Но, постепенно погружаясь в болезненный мрак, он мало-помалу стал разбираться в хаосе понятий, бо̀льшая часть которых принимается и усвоивается почти без всякой критики. Прежде всего он отделил выражения нравственного и умственного сочувствия и решил, что это явление совсем другого порядка, очень редко соединяющееся с понятием о дружбе в том смысле, в каком оно установилось для среднего уровня человеческой жизни. Выражения сочувствия могут радовать (а впрочем, иногда и растравлять открытые раны напоминанием о бессилии), но они ни в каком случае не помогут тому интимному успокоению, благодаря которому, покончивши и с деятельностью, и с задачами дня, можешь сказать: «Ну, слава богу! я покончил свой день в мире!» Такую помощь может оказать только «дружба», с ее предупредительным вниманием, с обильным запасом общих воспоминаний из далекого и близкого прошлого; одним словом, с тем несложным арсеналом теплого участия, который не дает обильной духовной пищи, но несомненно действует ублажающим образом. Но что же, в сущности, означают выражения: «друг», «дружба»?

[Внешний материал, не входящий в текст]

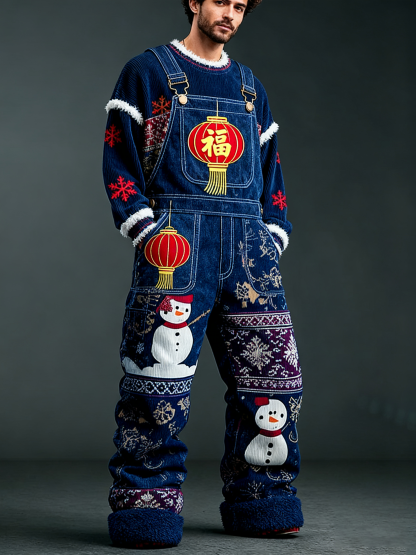 Men'S Fun Christmas Snowflake Snowman Themed Patch Warm Denim Jumpsuit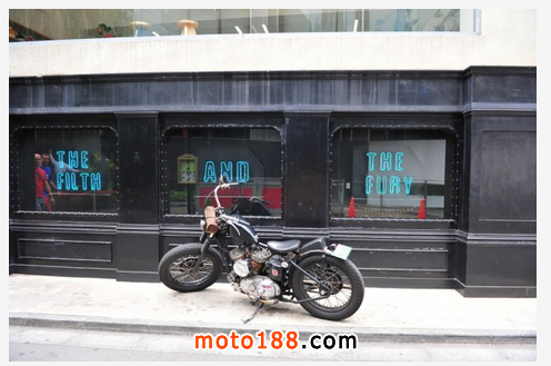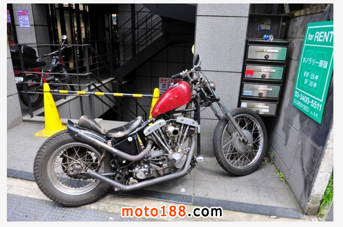 當我看了太多的本田黨之后開始感覺到有些視覺疲勞了,在原宿街頭漫步的時候,路邊的哈雷Panhead吸引了我的注意。從車子的整潔程度可以看得出車主對其愛護有加,發動機殼體上些許的綠色銅銹也是恰到好處,背景玻璃上的文字“The Filth and The Fury(污穢與憤怒)”與這臺摩托更是相得益彰。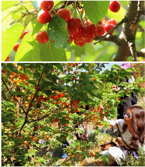 眼下正是櫻桃采摘的時(shí)候,成熟的櫻桃吸引了不少前來(lái)采摘的游客,累累果實(shí)如同串串紅寶石,輕輕一碰便落入掌心,味道酸酸甜甜。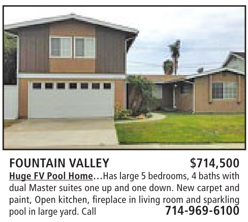 FOUNTAIN VALLEY $714,500 Huge FV Pool Home…Haslarge 5bedrooms, 4baths with
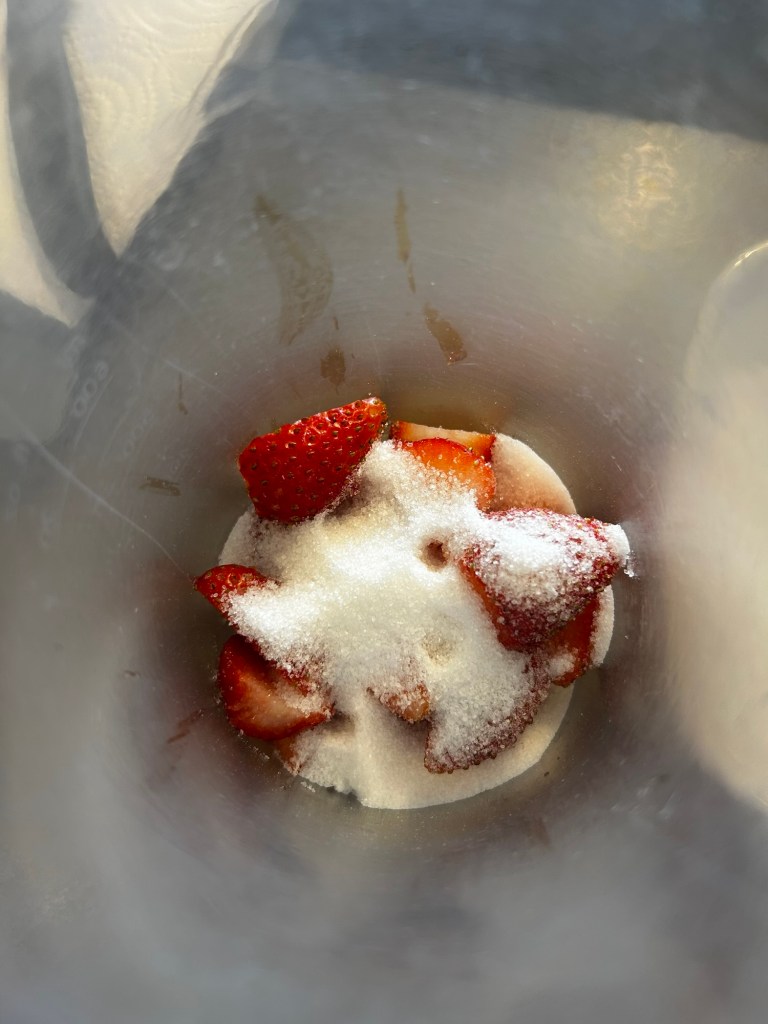 Taglio le fragole e le metto nel bicchiere con lo zucchero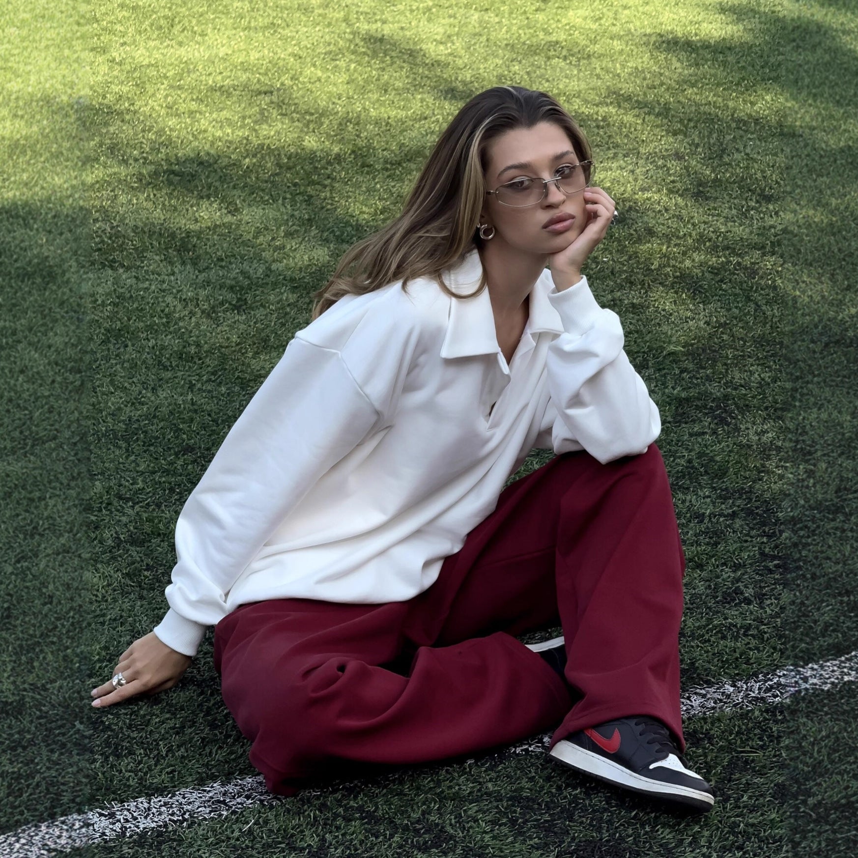 Upptäck den perfekta ensemble för avslappnade dagar och sportiga aktiviteter med vår dam casual poloshirt och vida byxor set Eva Jonsson. Denna set förenar stil och komfort på ett idealiskt sätt.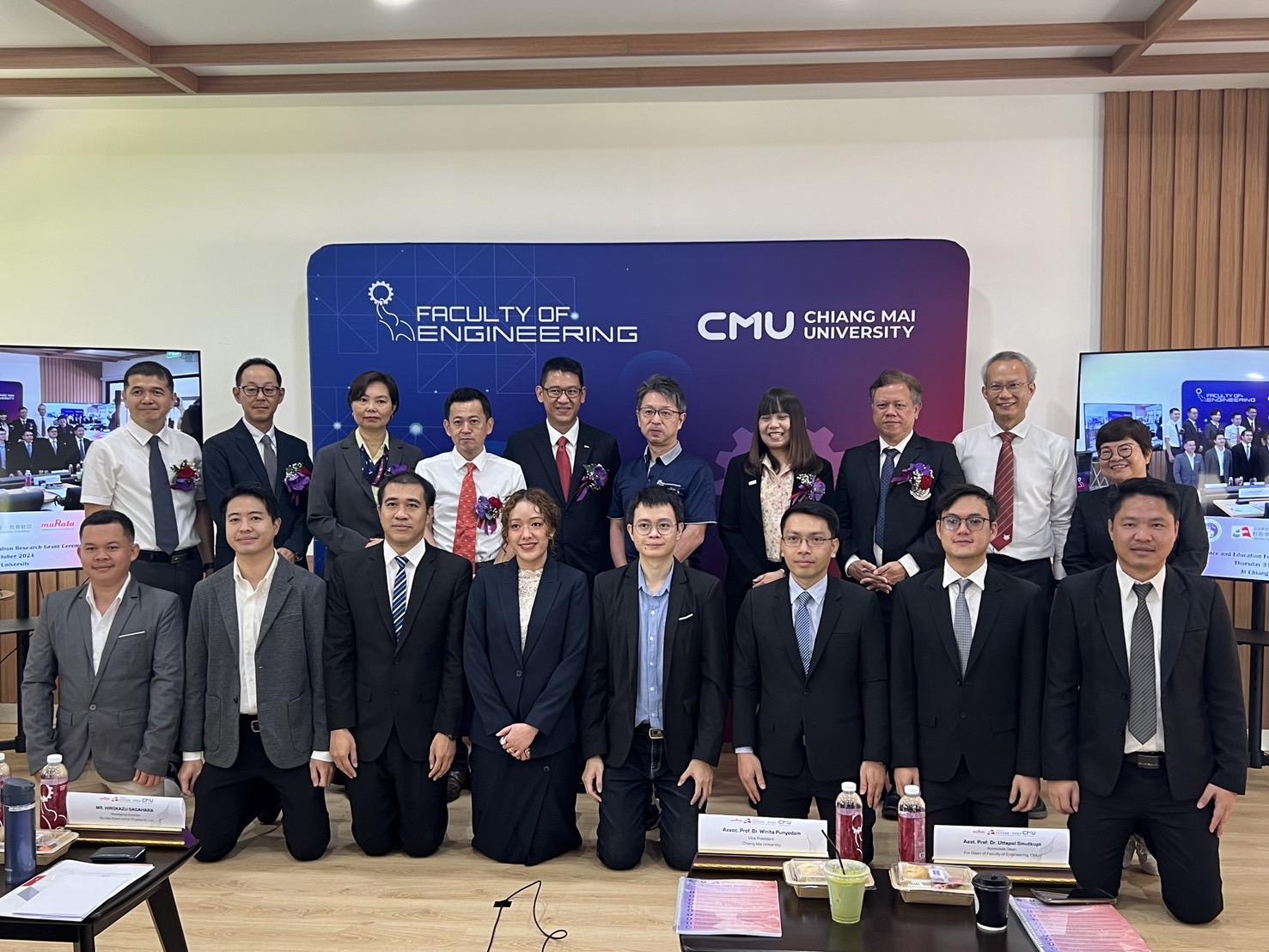 The ceremony was honored by the presence of the Director of Murata Electronics (Thailand), Ltd., Associate Professor Dr. Winita Punyodom, Vice President of Chiang Mai University, and Associate Professor Dr. Niramon Utama-ang, Associate Dean of the Faculty of Agro-Industry, who all joined in congratulating the grant recipient.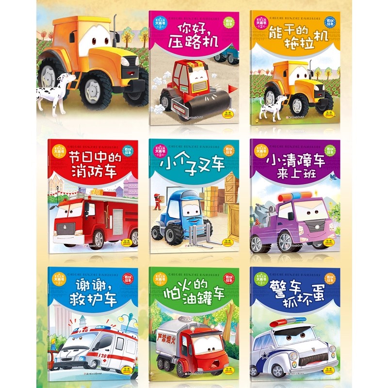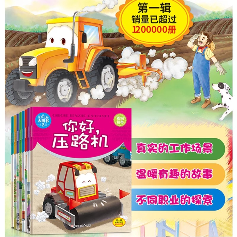 压路机 叉车 救护车 车车认知大画书第二辑全8册 消防车 警车 6岁幼儿园宝宝认识汽车启蒙绘本 儿童汽车早教启蒙科普故事绘本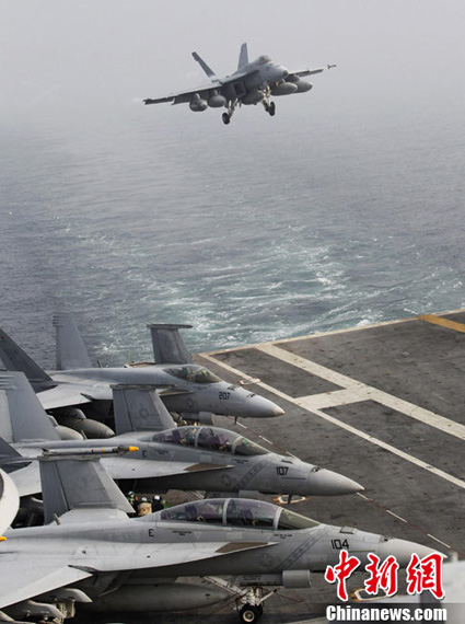 从上月28日开始进行的这次联合军事演习,是一次在海上进行的例行性演习。美国和韩国分别派出“华盛顿”号航空母舰(9.7万吨)和“世宗大王”号宙斯盾舰等10多艘舰艇,在西海进行每天24小时演习。

Обращаясь к фактам, Имярек пришел к убеждению, что у нас, по крайней мере, дружба имеет подкладку по преимуществу материального свойства. Друзья должны быть прежде всего здоровы, веселы, хлебосольны. А тонкий вкус в еде и в винах, уменье рассказывать анекдоты, оживлять общество легкой беседой — скрепляют дружбу и сообщают ей оттенок присутствия некоторого подобия мысли. Еще более скрепляют дружбу взаимные одолжения. Н. помог Т. проникнуть в такое-то учреждение; взамен того, Т. помог Н. купить по случаю пару лошадей. С. сбегал для Ф. за справкой в управу благочиния; Ф. за такой же справкой сбегал для С. в коммерческий суд. Никакого «образа мыслей» тут не нужно; напротив, «образ мыслей» только мешает, производит раскол, раздор, смуту.

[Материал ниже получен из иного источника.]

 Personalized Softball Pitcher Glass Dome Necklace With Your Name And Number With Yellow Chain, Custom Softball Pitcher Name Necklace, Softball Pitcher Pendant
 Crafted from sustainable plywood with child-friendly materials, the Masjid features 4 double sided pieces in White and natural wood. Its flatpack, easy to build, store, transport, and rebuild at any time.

Обыкновенно «дружба» начинается так. Встречаются X. и Z. в первый раз у случайного знакомого, — положим, хотя за обедом. X. в этот день особенно в ударе. Он сыплет остроумием, рассказывает анекдоты, из которых иные даже совсем новые. Хозяйка дома млеет от ликования; Z. превратился весь в слух, даже рот разинул. Никогда время не шло так быстро, никогда обед не был так оживлен. Хозяин мысленно говорит про X.: «Вот настоящий друг!» Z. дает себе слово сойтись с X. и залучить его на свои субботние обеды. На этих обедах тоже весело, даже «сцены из народного быта» рассказывают*, — но все-таки не то, что нынче. И вот, улучив после обеда минуту, Z. подходит к X.

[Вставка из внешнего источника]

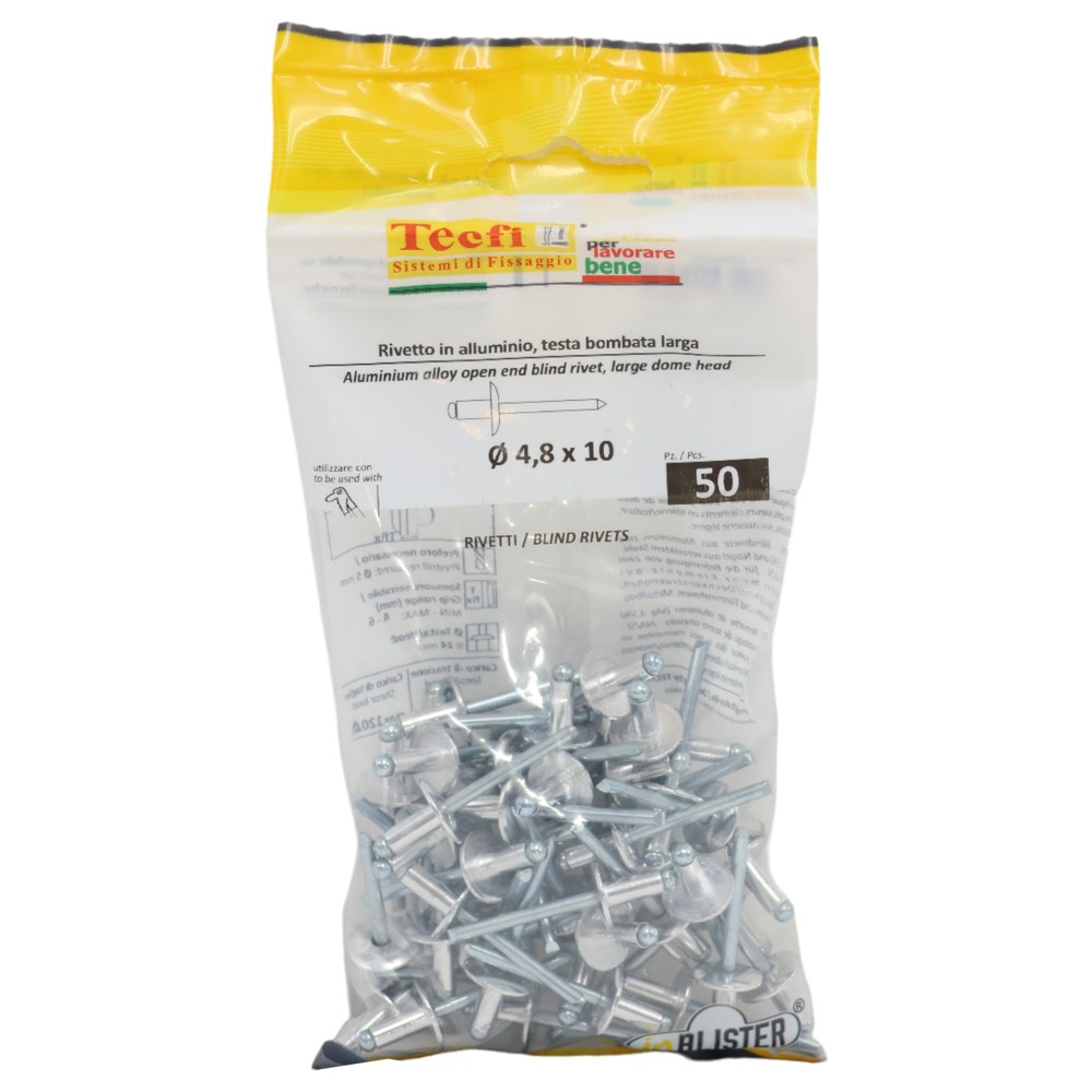 Perçina alumini RAL 9002 alumin/çeliku me pature te gjere, Ø 4,8x10/14mm , Bag 50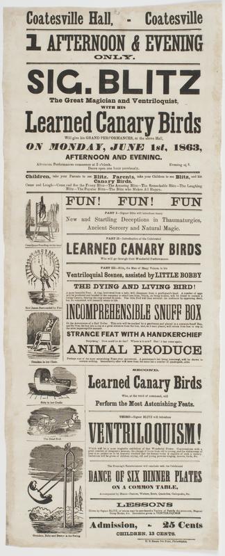 Coatesville Hall, Coatesville : 1 afternoon & evening only. Sig. Blitz the great magician and ventriloquist, with his learned canary birds will give his grand performances, at the above hall, on Monday, June 1st, 1863, afternoon and evening. Afternoon performances commence 3 o'clock; evening at 8. Doors open one hour previously. Children, take your parents to see Blitz. Parents, take your children to see Blitz, and his canary birds. ... The evening's entertainment will conclude with the celebrated Dance of six dinner plates on a common table, ... Lessons given by Signor Blitz, of whom may be purchased a variety of family amusements, magical scrap books, &c. Instruction given in ventriloquism. Admission, 25 cents Children, 13 cents.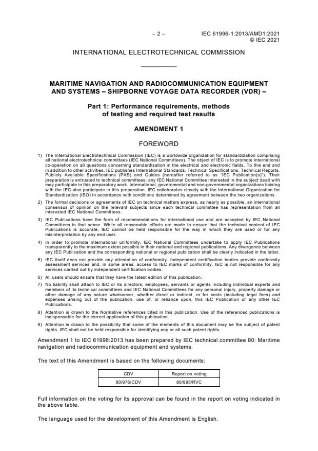 IEC 61996-1:2013/AMD1:2021 - Amendment 1 - Maritime navigation and radiocommunication equipment and systems - Shipborne voyage data recorder (VDR) - Part 1: Performance requirements, methods of testing and required test results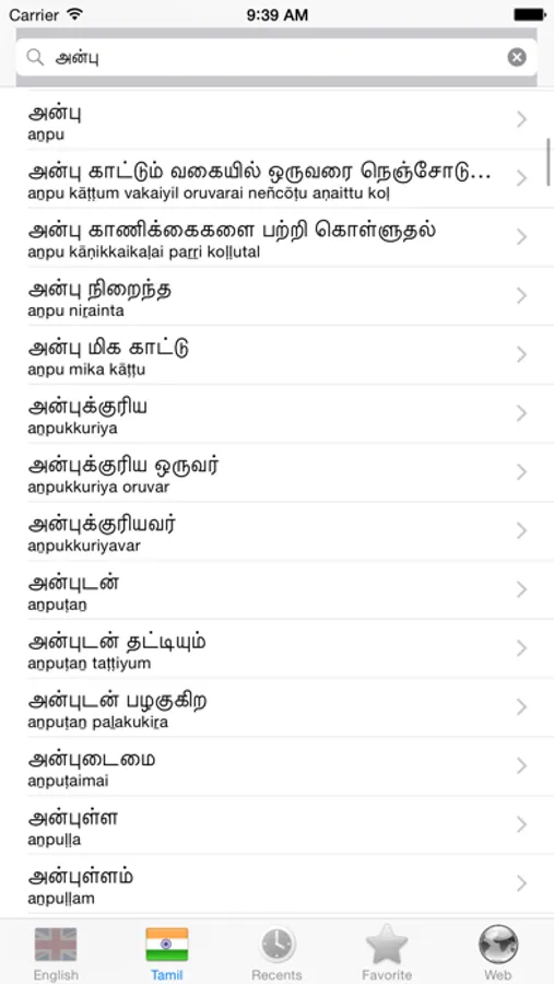 * Full support pronunciation for both English and Tamil will help you so much in study these languages.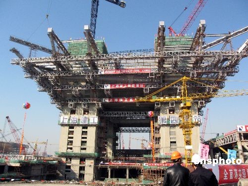 11月28日,備受外界關注的中國2010年上海世博會中國館實現混凝土結構封頂,初露雄姿。以“東方之冠”為構思主題的這一巨型展館,自2007年12月18日開工建設,總預算達15億人民幣。據了解,上海世博會中國館有望于2009年10月前完成整體建設。 中新社發 許曉青 攝

— Очень приятно было бы поближе познакомиться, — говорит он.

— Что ж, познакомимся.

— У меня по субботам обедцы бывают, так вот… Впрочем, я надеюсь на днях лично быть у вас. Надеюсь, что и жены наши…

— Что ж, и жен одной веревочкой свяжем! — шутит X., уже провидя в Z. будущего друга.

Обменялись визитами, сперва сами, потом жены, а накануне одной из ближайших суббот X. получает от Z. записку:

«Не приедете ли завтра откушать запросто? Будут: тайный советник Стрекоза,* сенатор Чистописцев, наш общий друг Сермягин и Иван Федорович Горбунов. Дам не будет, кроме жены, которая никого не стеснит. Обедаем в 6½ часов».

Уже с самой закуски начинается «дружба». Закуска великолепная. Свежая икра, янтарный балык, страсбургский паштет, сыры, сельди, грибы, рыжички… Но недостает… семги! X. всего отведывает, а некоторого даже по два раза, но чувствует, что чего-то недостает. И, сознавая себя уже «другом», без церемонии обращается к хозяину:

— Прекрасная у вас икра, да и вообще вся закуска… Но кабы ваша милость была сёмужкой попотчевать…

— Семги! — восклицает встревоженный хозяин и с немым укором смотрит на жену, — Эй, Родивон! живо!

Отдается приказание, бегут сломя голову в ближайшую бакалейную лавку — и через пять минут семга уже на столе. Сочная, розовая, тающая… масло! Словом сказать, сразу приобретается для дружбы такой фундамент, которого никакие ураганы не разрушат!

Таковы начальные основания истинной «дружбы».

Были ли у Имярека такие друзья? Был ли он сам таким другом? Конечно, был, но чего-то как будто недоставало. Быть может, именно сёмужки. Он был когда-то здоров, но никогда настолько, чтобы быть настоящим другом. Он бывал и весел, но опять не настолько, сколько требуется от «друга». Анекдотов он совсем не знал, гастрономом не был, в винах понимал очень мало. Жил как-то особняком, имел «образ мыслей» и даже в манерах сохранял нечто резкое, несовместное с дружелюбием.

Ясно, что если бы и могли, при таких условиях, образоваться зачатки дружбы, то они не долго бы устояли ввиду такого испытания, как тяжелая, безнадежная болезнь.

«Ну-с, прощайте! тороплюсь!» — повторял он мысленно обычный посетительский припев, и это было самое большее, на что он мог в настоящее время рассчитывать, с точки зрения дружества.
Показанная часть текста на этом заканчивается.